Terapi yang diberikan psikolog kepada anak korban kekerasan melalui terapi relaksasi atau modifikasi perilaku dengan terapi behavioral. Menurut para terapis behavioral, kelainan perilaku sebagai kebiasaan yang dipelajari, karena itu dapat diubah dengan mengganti situasi positif yang direkayasa sehingga kelainan perilaku berubah menjadi positif. Pendekatan behavioral merupakan pilihan untuk membantu klien mempunyai masalah spesifik seperti gangguan makan, penyalahgunaan zat, dan disfungsi psikoseksual. Juga bermanfaat untuk membantu gangguan yang diasosiasikan dengan anxietas, stres, asertivitas dan interaksi sosial (Gladding dalam Febrina & Yahya, 2017:8).

Tahap terakhir dari komunikasi terapeutik psikolog dan konselor adalah tahap mengakhiri hubungan dengan klien (korban) atau disebut dengan tahap terminasi. Terminasi dilakukan agar korban menyadari bahwa hubungan yang dibangun dengan psikolog dan konselor merupakan hubungan profesional sehingga korban tidak selalu bergantung kepada konselornya. Tahap terminasi dilakukan jika sudah terlihat perubahan perilaku korban ke arah yang lebih baik atau sudah pada perubahan perilaku yang disepakati di awal dan korban dapat beraktivitas seperti semula. Evaluasi menajdi hal yang perlu diperhatikan dalam tahap ini baik itu evaluasi secara internal administrasi kantor untuk mengetahui perkembangan kasus melalui rapat perkembangan kasuss atau evaluasi atas kondisi korban setelah psikolog dan konselor tidak lagi memberikan pendampingan, mengingat korban kekerasan khususnya anak akan mudah sekali mengalami perubahan perilaku dalam waktu yang tidak bisa diprediksi sebelumnya.

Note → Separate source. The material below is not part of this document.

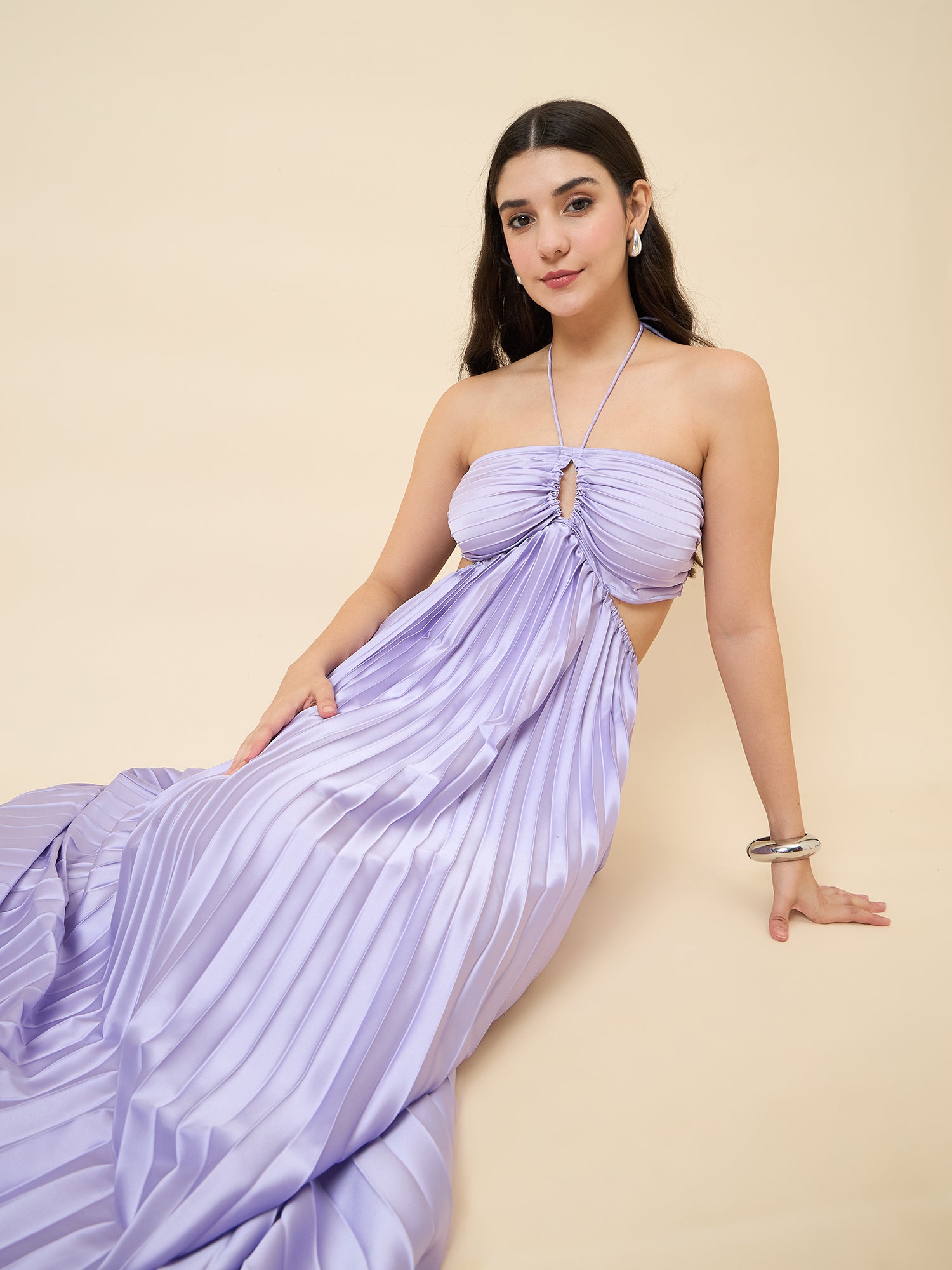 Elegant satin maxi dress with halter neck, sleeveless design, all-over pleats and gathers for a flared silhouette. Luxuriously soft and shiny fabric, perfect for parties, weddings, and special evening occasions.

Komunikasi merupakan salah satu instrumen penting dalam membangun dan mempertahankan hubungan dengan anak serta cara untuk memperoleh berbagai data tentang anak yang diperlukan untuk menyelesaikan masalah yang dihadapi anak. Beberapa teknik yang bisa digunakan psikolog dan konselor dalam melakukan komunikasi terapeutik dengan anak korban kekerasan berdasarkan hasil penelitian ini antara lain:

1) Melalui pihak ketiga; Orangtua merupakan orang yang paling mengetahui lebih banyak tentang kondisi anak dan dapat memantau setiap aktivitas anak.

Psikolog dan konselor dalam hal ini dapat berkomunikasi dengan orangtua untuk mendapatkan informasi-informasi penting tentang anak. Psikolog dan

konselor juga harus memberikan pemahaman kepada orangtua bagaimana mengeduksi anak yang menjadi korban kekerasan.

2) Bercerita dan menggambar; secara psikologis, pada umumnya anak akan lebih antusias dan menyukai bentuk penyampaian pesan melalui cerita dan akan lebih mudah menerima setiap pesan yang disampaikan psikolog dan konselor dan menggambar merupakan salah satu teknik yang bertujuan untuk mengeksplorasi pengalaman-pengalaman yang tidak mengenakkan yang tersembunyi dalam diri korban.

3) Menggunakan permainan; Usia perkembangan anak adalah usia bermain maka anak seringkali menghabiskan waktu dengan bermain, oleh karena itu psikolog dan konselor melalui P2TP2A harus memiliki ruangan bermain yang dilengkapi dengan fasilitas permainan bagi anak.

4) Mendengarkan; mendengarkan merupakan salah satu teknik dalam komunikasi terapeutik yang bertujuan untuk memberikan rasa aman, stabilitas emosi dan psikologis bagi korban.

Beberapa teknik di atas sebagaimana teknik komunikasi dalam keperawatan anak yang dikemukakan oleh Pieter (2017:192) juga menguatkan hasil penelitian yang berjudul Komunikasi Terapeutik Perawat dengan Pasien Anak yang dilakukan oleh Redhian (2011:10) yang menyatakan bahwa teknik bercerita menggunakan bahasa anak dapat sekaligus menyelidiki perasaan dari pasien anak, juga dengan teknik menggambar anak dapat mengungkapkan tentang dirinya melalui gambar yang dibuat.